Une petite fille capricieuse
Maman
a toujours servit de contrepoids avec papa. Il autorisait, elle sévissait. Papa
poule, mère louve, amour vache. Comme toutes les petites filles, je prenais un
malin plaisir à mélanger l’eau et l’électricité. Face au refus de ma mère, je
m’en allais voir mon père qui assurément me donnait son accord. Les étincelles
fusent, le ton monte, j’ai honte, je regrette. Capricieuse, malicieuse,
maladroite, je me reconnais. On dit toujours « si j’avais
eu une caméra, je t'aurais filmée et tu aurais vu à quel point tu étais pitoyable. » Or maman en
avait une ce jour là et ne m’a pas loupée.
En vacances, je suis une touche à tout,
casse-tout, casse-cou. Tout ce qui est rose, avec des paillettes devaient
entrer dans mon coffre à jouet.
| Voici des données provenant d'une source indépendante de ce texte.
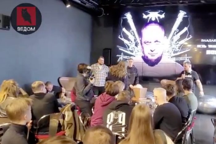 Что происходит в первом ролике. Первое видео опубликовал блогер Марат Арнис, присутствовавший на встрече с Татарским. На записи видно, что Дарья Трепова, которую военкор называет Настей, оставляет коробку со статуэткой и отходит от Татарского.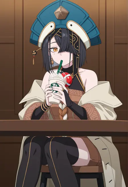 1st ascension: black hair, short hair, yellow eyes, mole under eye, hair covering one eye, hair ornament, blue hat, chinese hairpin, chest jewel, rope, bridal gauntlets, sleeveless, coat, long sleeves, off shoulder, thighhighs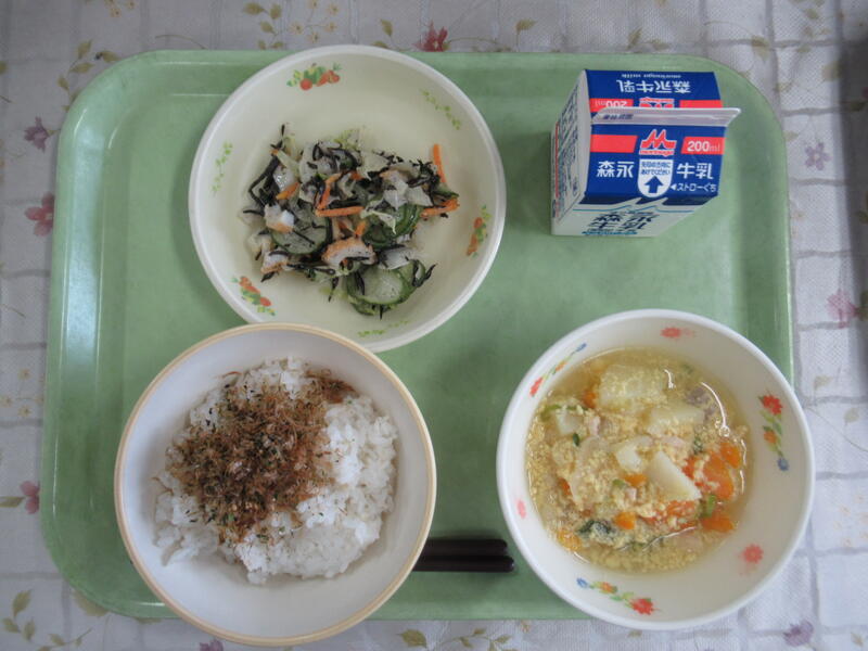 麦ごはん、手作りふりかけ、親子煮、ひじきのマヨサラダ

Devant le refus catégorique de ma mère, je
quittais mon statut de petite fille modèle, petite robe en dentelle blanche et
m’asseyais sur le trottoir en tapant des poings. Réflexion faite, je suis ravie
que maman ait eu la camera en sa possession à ce moment là, sans quoi j’aurais
passé un mauvais quart d’heure entre ses mains. Cette fois, c’était son quart
d’heure de gloire à elle, celui qui lui permettrait d’enregistrer pour toujours
mes caprices pour pouvoir me brandir l’extrait de mes exploits sous le nez à
chaque fois que l’envie de faire des étincelles me reprenait. Pendant que maman
se frottait les mains de son flagrant délit, papa se courbait le dos. Il me
demandait de me lever. Je n’écoutais pas, pleurais, criais, attirais la foule. Je
suscitais le rire, l’indignation, la pitié. Papa riait, me regardait à travers
ses épaisses lunettes légèrement teintées. Il me tendit la main, me releva… il
n’avait pas besoin de parler, je savais qu’il avait cédé à mon caprice. J’ai
honte, je rougis de plaisir et de dégoût envers moi-même. Je repasse ces images
dans ma tête, et prend conscience de mon inconscience. Pardon papa.